Let $\theta$ be a root of $p(x)=x^3+9x+6$, find the inverse of $1+\theta$ in $\mathbb{Q(\theta)}$

Correct: it takes only $1$ step (= division) in the extended Euclidean algorithm to invert a linear polynomial $\,g\,$ since $ f = q\,g + c \,\Rightarrow\, \bmod f\!:\ q\,g\equiv -c\,\Rightarrow\, 1/g \equiv -q/c,\,$ just as you calculated.

---

Generally it's easier to use said augmented-matrix form of the extended Euclidean algorithm, e.g. below we compute $\,1/g \pmod{\!f} = 1/(x^2\!+\!1) \pmod{\!x^3\!+\!2x\!+\!1}\,$ over $\,\Bbb Z_3,\,$ from this answer.

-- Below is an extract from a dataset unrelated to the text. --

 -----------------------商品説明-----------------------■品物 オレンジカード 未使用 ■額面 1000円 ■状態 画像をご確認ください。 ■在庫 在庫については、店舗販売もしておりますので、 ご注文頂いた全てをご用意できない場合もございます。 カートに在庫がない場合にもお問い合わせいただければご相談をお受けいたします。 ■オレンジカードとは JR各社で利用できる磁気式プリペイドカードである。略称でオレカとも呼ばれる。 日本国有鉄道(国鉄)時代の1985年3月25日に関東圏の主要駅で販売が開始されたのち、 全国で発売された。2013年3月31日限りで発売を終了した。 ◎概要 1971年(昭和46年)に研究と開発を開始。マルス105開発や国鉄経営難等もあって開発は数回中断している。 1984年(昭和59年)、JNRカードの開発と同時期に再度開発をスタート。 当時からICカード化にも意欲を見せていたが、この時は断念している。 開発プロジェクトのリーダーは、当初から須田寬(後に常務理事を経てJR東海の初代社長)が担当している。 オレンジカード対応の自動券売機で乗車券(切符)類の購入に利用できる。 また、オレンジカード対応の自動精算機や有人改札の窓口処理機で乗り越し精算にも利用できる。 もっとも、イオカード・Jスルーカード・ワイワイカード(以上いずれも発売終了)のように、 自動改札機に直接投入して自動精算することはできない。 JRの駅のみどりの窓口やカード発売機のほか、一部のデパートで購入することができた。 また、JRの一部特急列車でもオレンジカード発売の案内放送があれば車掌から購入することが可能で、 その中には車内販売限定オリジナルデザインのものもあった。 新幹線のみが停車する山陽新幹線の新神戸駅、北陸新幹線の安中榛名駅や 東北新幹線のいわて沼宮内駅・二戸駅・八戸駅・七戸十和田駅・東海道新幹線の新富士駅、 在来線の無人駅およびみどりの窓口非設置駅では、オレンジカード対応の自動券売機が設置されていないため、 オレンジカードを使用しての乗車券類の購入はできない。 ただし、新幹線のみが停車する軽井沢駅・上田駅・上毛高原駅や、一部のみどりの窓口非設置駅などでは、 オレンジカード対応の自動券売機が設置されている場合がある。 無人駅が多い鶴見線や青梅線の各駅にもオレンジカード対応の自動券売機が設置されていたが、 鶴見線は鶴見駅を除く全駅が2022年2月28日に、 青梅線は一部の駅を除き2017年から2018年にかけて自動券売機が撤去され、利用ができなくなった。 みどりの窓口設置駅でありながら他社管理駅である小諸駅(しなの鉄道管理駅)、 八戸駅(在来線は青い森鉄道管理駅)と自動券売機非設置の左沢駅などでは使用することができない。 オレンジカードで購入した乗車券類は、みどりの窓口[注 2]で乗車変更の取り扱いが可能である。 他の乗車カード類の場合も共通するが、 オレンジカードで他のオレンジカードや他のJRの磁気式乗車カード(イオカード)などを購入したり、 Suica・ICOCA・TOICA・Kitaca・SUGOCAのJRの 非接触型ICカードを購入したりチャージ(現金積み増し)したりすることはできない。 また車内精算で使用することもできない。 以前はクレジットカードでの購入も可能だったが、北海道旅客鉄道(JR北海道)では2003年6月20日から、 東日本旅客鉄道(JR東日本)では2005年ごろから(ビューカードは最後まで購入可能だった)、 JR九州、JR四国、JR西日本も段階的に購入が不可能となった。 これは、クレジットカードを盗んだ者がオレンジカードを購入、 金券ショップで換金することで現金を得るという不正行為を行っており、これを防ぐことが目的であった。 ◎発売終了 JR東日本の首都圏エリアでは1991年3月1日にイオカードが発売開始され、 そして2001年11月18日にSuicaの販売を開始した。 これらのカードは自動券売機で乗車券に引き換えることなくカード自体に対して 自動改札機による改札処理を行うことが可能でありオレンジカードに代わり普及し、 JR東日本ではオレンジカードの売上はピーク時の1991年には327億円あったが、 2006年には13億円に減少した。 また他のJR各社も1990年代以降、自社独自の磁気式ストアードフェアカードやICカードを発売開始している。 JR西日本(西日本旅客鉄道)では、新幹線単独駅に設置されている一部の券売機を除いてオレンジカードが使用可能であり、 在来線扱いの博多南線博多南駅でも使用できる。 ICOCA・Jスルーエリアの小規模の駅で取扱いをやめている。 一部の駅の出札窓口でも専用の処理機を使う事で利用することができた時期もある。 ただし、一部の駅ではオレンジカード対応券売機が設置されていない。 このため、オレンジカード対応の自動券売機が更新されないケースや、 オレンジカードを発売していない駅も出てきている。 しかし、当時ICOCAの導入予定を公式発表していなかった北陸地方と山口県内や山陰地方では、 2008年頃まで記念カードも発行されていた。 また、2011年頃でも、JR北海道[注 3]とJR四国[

$\begin{eqnarray} [\![1]\!]&& &&f = x^3\!+2x+1 &\!\!=&\, \left<\,\color{#c00}1,\,\color{#0a0}0\,\right>\quad\ \ \, {\rm i.e.}\ \qquad\!\:\! f\, =\ \color{#c00}1\cdot f\, +\, \color{#0a0}0\cdot g\\ [\![2]\!]&& &&\qquad\ \, g =x^2\!+1 &\!\!=&\, \left<\,\color{#c00}0,\,\color{#0a0}1\,\right>\quad\ \ \,{\rm i.e.}\ \qquad g\, =\ \color{#c00}0\cdot f\, +\, \color{#0a0}1\cdot g\\ [\![3]\!]&=&[\![1]\!]-x[\![2]\!]\!\!\!\!\!\!\!\!\!\!\!\!\!\!\! &&\qquad\qquad\ \ x+1 \,&\!\!=&\, \left<\,\color{#c00}1,\,\color{#0a0}{-x}\,\right>\ \ \ \:\!{\rm i.e.}\quad\! x\!+\!1\, =\, \color{#c00}1\cdot f\,\color{#0c0}{-\,x}\cdot g\\ [\![4]\!]&=&[\![2]\!]+(1\!-\!x)[\![3]\!]\!\!\!\!\!\!\!\!\!\!\!\!\!\!\!\!\!\!\!\!\!\!\!\! &&\qquad\qquad\qquad\ 2 \,&\!\!=&\, \left<\,\color{#c00}{1\!-\!x},\,\ \color{#0a0}{1\!-\!x+x^2}\,\right>\\ \end{eqnarray}$

Hence the prior line implies: $\ \ 2\ =\ (\color{#c00}{1\!-\!x})f + (\color{#0a0}{1\!-\!x\!+\!x^2})g $

Thus in $\,\Bbb Z_3[x] \bmod f\!:\,\ {-}1\equiv 2 \equiv (\color{#0a0}{1\!-\!x\!+\!x^2})g\ \Rightarrow\ \bbox[6px,border:1px solid red]{g^{-1}\equiv\, {-}(\color{#0a0}{1\!-\!x\!+\!x^2})}$